__What needs to be done__
Reproduce the top of the data verbatim, through and including the line that contains "Gesagt, getan! Der".

(Data excerpts)
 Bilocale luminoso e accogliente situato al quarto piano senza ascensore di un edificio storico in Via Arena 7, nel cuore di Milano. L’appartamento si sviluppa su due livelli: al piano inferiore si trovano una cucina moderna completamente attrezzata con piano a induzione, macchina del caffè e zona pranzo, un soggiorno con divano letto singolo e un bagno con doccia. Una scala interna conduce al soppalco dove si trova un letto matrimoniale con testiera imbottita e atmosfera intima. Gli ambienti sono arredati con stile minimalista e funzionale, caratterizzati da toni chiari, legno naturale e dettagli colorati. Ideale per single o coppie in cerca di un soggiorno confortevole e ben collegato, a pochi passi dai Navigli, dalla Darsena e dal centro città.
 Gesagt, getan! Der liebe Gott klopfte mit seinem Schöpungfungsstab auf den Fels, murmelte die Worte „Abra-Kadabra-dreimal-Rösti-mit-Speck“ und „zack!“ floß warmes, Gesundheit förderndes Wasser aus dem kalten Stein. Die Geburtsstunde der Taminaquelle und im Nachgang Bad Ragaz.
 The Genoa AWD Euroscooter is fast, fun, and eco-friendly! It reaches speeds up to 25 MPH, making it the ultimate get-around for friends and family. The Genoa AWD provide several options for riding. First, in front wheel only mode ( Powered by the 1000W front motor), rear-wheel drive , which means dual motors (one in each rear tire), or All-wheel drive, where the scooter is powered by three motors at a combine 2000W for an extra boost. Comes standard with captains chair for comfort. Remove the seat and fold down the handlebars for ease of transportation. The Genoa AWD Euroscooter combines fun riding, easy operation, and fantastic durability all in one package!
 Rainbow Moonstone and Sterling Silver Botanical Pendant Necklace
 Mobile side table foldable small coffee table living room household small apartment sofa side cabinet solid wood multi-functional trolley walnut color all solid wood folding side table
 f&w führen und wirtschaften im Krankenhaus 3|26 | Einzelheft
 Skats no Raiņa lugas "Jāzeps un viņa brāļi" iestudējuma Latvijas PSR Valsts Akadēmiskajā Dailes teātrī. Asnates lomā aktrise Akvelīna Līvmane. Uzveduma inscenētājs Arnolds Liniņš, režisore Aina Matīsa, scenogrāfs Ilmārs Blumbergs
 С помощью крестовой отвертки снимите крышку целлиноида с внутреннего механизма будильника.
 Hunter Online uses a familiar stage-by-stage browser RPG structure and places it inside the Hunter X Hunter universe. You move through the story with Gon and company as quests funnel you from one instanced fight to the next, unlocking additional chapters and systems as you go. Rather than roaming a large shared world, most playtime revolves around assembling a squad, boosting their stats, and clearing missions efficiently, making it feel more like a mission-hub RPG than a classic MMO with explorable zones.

__Reply to the task__
 Bilocale luminoso e accogliente situato al quarto piano senza ascensore di un edificio storico in Via Arena 7, nel cuore di Milano. L’appartamento si sviluppa su due livelli: al piano inferiore si trovano una cucina moderna completamente attrezzata con piano a induzione, macchina del caffè e zona pranzo, un soggiorno con divano letto singolo e un bagno con doccia. Una scala interna conduce al soppalco dove si trova un letto matrimoniale con testiera imbottita e atmosfera intima. Gli ambienti sono arredati con stile minimalista e funzionale, caratterizzati da toni chiari, legno naturale e dettagli colorati. Ideale per single o coppie in cerca di un soggiorno confortevole e ben collegato, a pochi passi dai Navigli, dalla Darsena e dal centro città.
 Gesagt, getan! Der liebe Gott klopfte mit seinem Schöpungfungsstab auf den Fels, murmelte die Worte „Abra-Kadabra-dreimal-Rösti-mit-Speck“ und „zack!“ floß warmes, Gesundheit förderndes Wasser aus dem kalten Stein. Die Geburtsstunde der Taminaquelle und im Nachgang Bad Ragaz.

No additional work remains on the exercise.